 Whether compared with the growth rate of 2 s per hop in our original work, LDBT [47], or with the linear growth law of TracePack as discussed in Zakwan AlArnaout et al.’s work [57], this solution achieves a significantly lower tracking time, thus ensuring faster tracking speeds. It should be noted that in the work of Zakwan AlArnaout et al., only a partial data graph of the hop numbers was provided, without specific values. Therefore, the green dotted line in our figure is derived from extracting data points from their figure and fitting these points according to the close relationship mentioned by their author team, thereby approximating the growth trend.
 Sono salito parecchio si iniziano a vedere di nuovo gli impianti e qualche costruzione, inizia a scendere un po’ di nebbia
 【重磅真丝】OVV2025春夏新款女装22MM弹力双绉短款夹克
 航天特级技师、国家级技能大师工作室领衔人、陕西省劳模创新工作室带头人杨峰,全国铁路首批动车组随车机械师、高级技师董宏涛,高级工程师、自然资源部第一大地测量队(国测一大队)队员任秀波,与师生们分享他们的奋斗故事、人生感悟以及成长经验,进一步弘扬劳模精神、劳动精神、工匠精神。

==

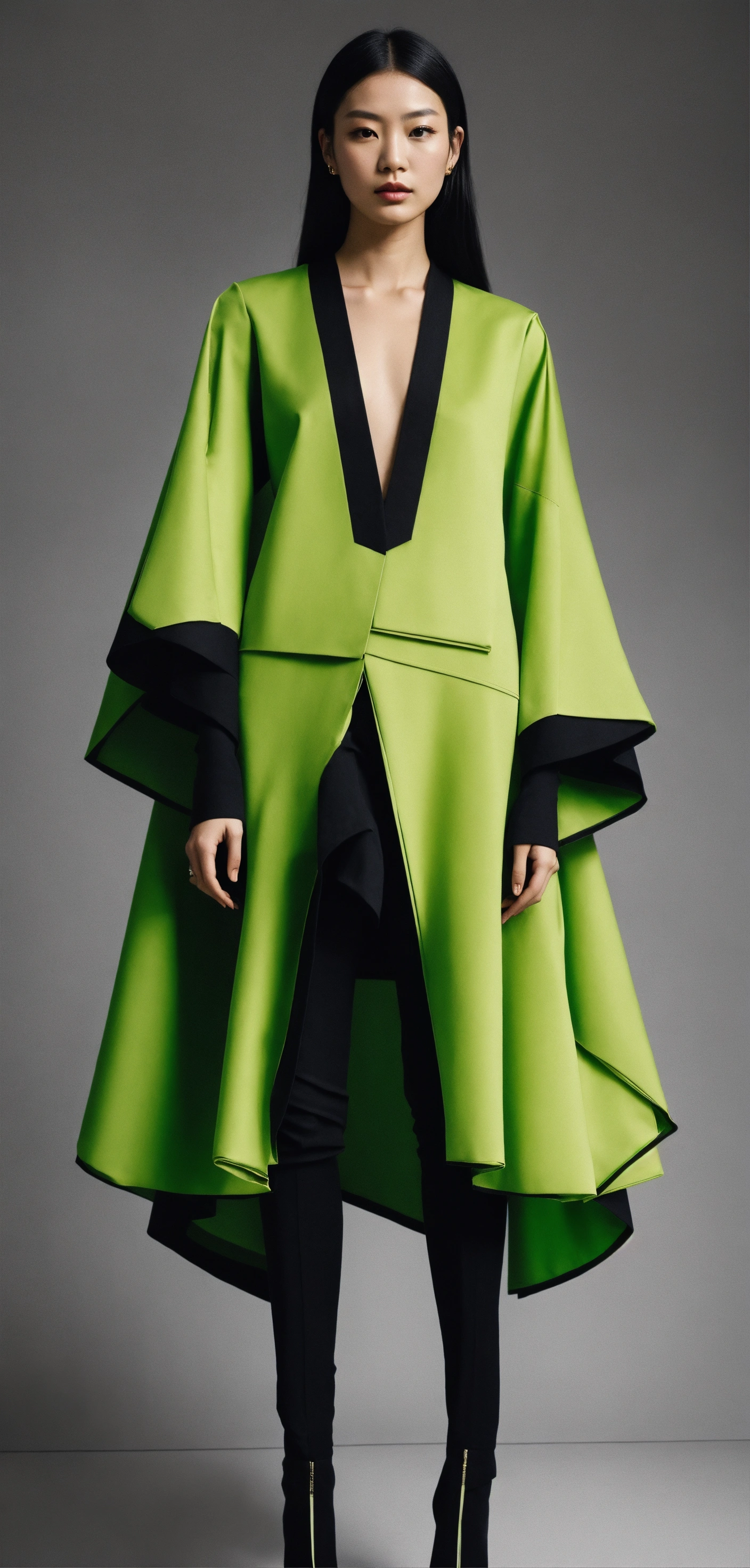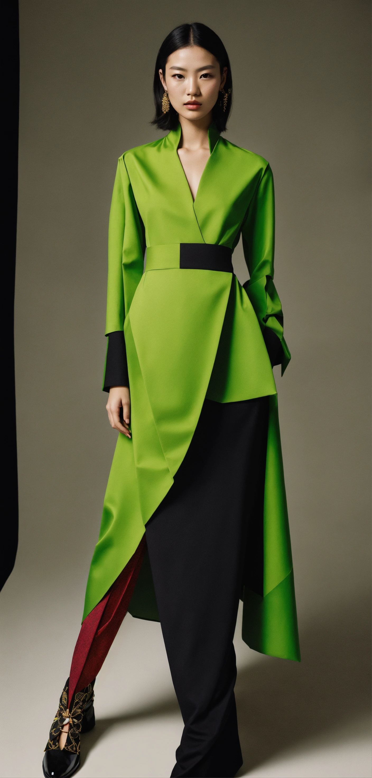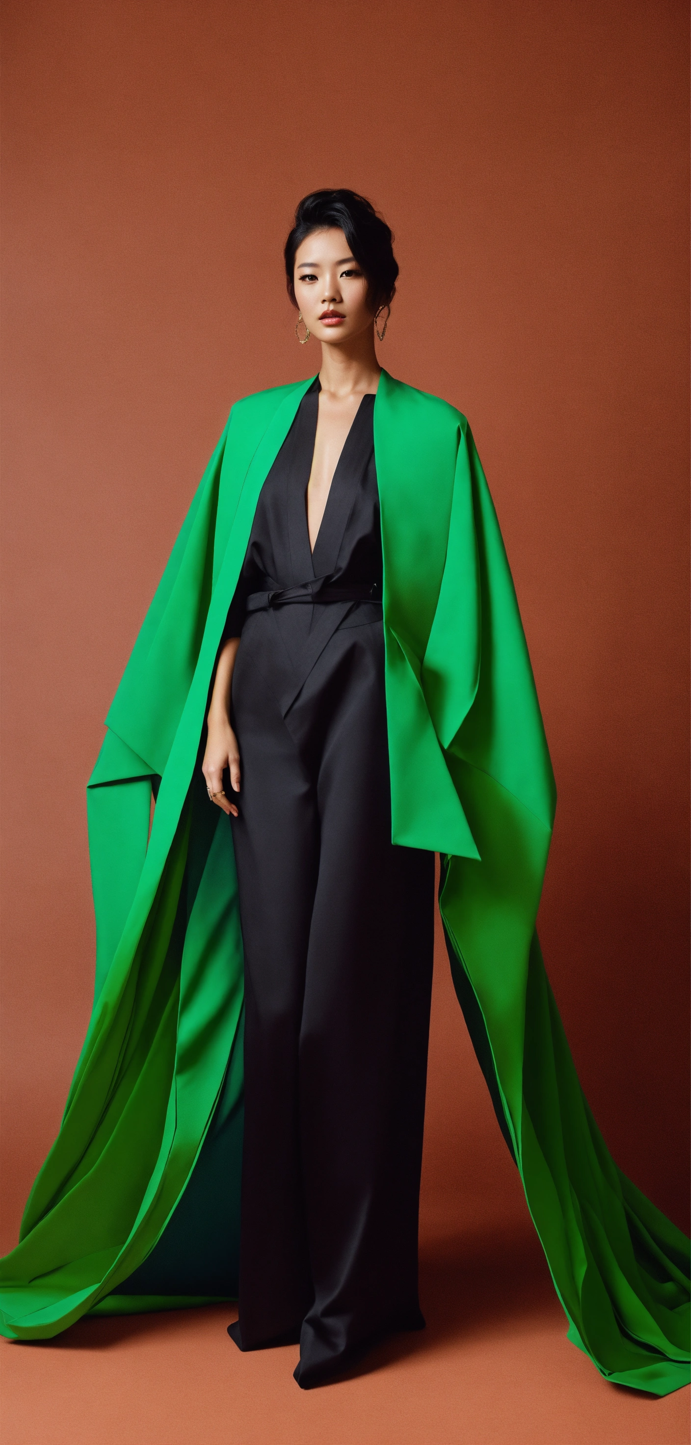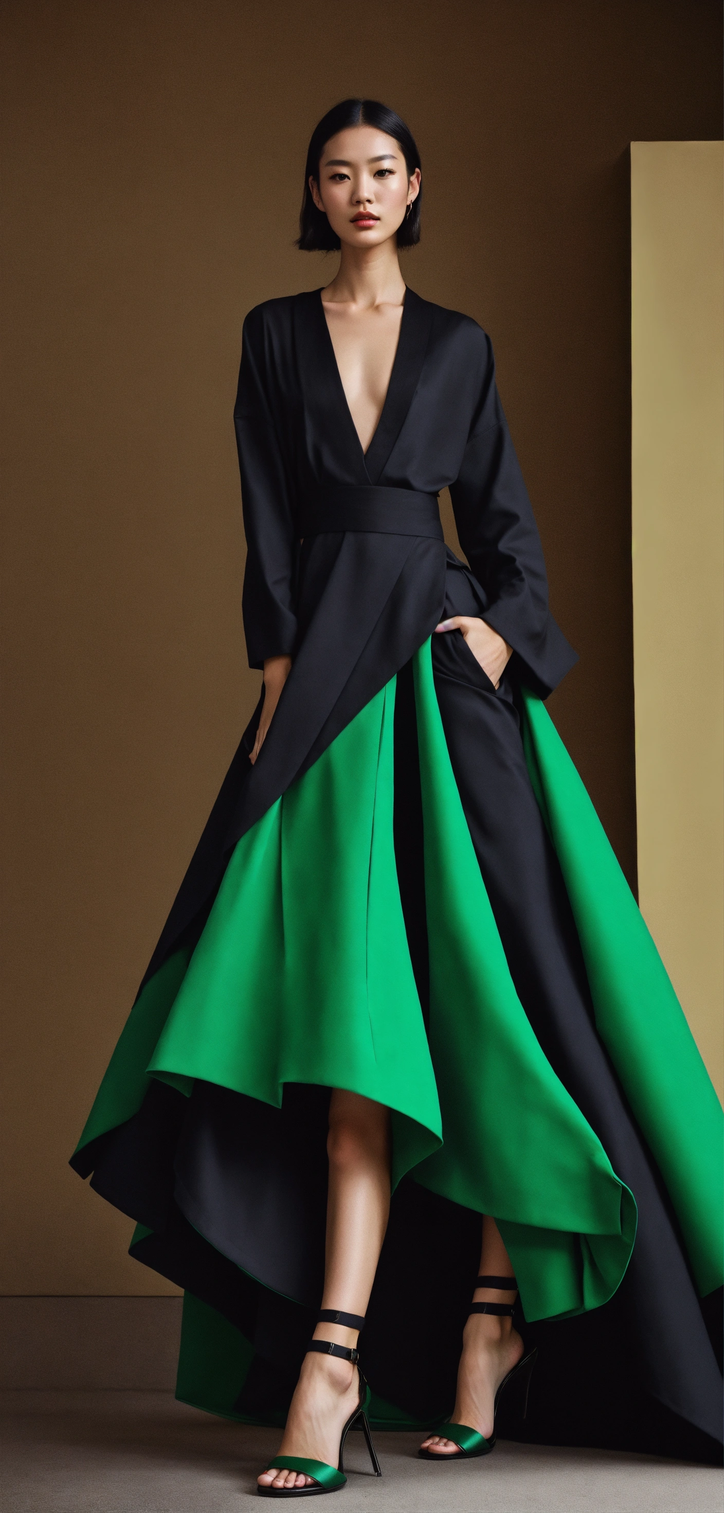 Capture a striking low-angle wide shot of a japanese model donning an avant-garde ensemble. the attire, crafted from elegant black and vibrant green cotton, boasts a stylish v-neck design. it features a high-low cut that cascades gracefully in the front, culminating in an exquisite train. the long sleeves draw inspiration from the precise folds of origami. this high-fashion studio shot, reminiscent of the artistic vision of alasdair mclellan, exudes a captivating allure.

---

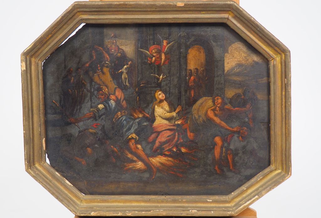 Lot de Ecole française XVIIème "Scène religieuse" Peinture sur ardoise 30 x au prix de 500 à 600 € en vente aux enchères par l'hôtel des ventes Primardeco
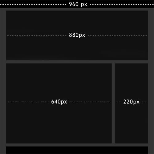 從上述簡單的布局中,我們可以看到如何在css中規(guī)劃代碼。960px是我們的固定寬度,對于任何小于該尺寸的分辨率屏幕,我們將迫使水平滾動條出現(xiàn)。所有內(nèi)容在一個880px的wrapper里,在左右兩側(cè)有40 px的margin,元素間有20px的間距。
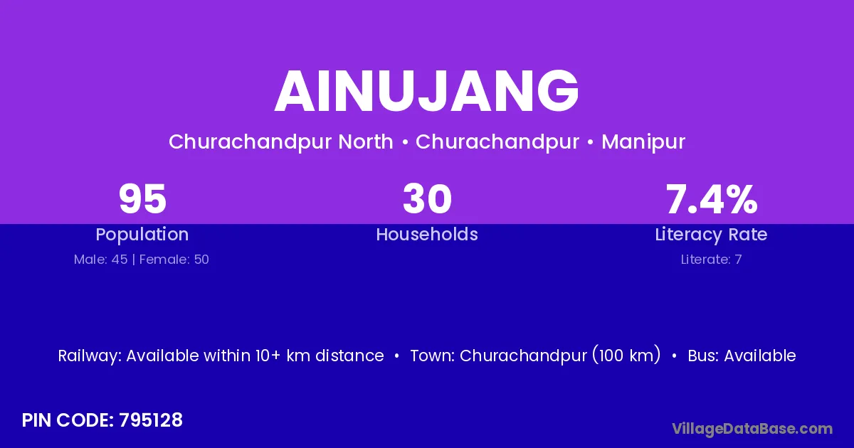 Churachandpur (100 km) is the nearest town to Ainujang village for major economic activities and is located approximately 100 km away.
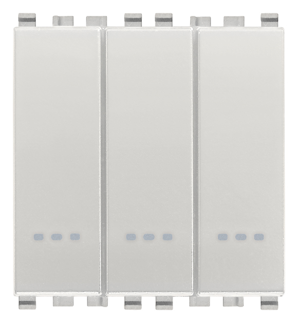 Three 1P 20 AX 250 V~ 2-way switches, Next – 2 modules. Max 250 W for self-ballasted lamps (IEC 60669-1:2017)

▶ **TASK DIRECTIONS**:
In the listing above, find the line with "從上述簡單的布局中,我們可以" and output every line through the one with "Churachandpur (100 km)", exactly, without the pictures.

▶ **PROBLEM SOLUTION**:
 從上述簡單的布局中,我們可以看到如何在css中規(guī)劃代碼。960px是我們的固定寬度,對于任何小于該尺寸的分辨率屏幕,我們將迫使水平滾動條出現(xiàn)。所有內(nèi)容在一個880px的wrapper里,在左右兩側(cè)有40 px的margin,元素間有20px的間距。
 Churachandpur (100 km) is the nearest town to Ainujang village for major economic activities and is located approximately 100 km away.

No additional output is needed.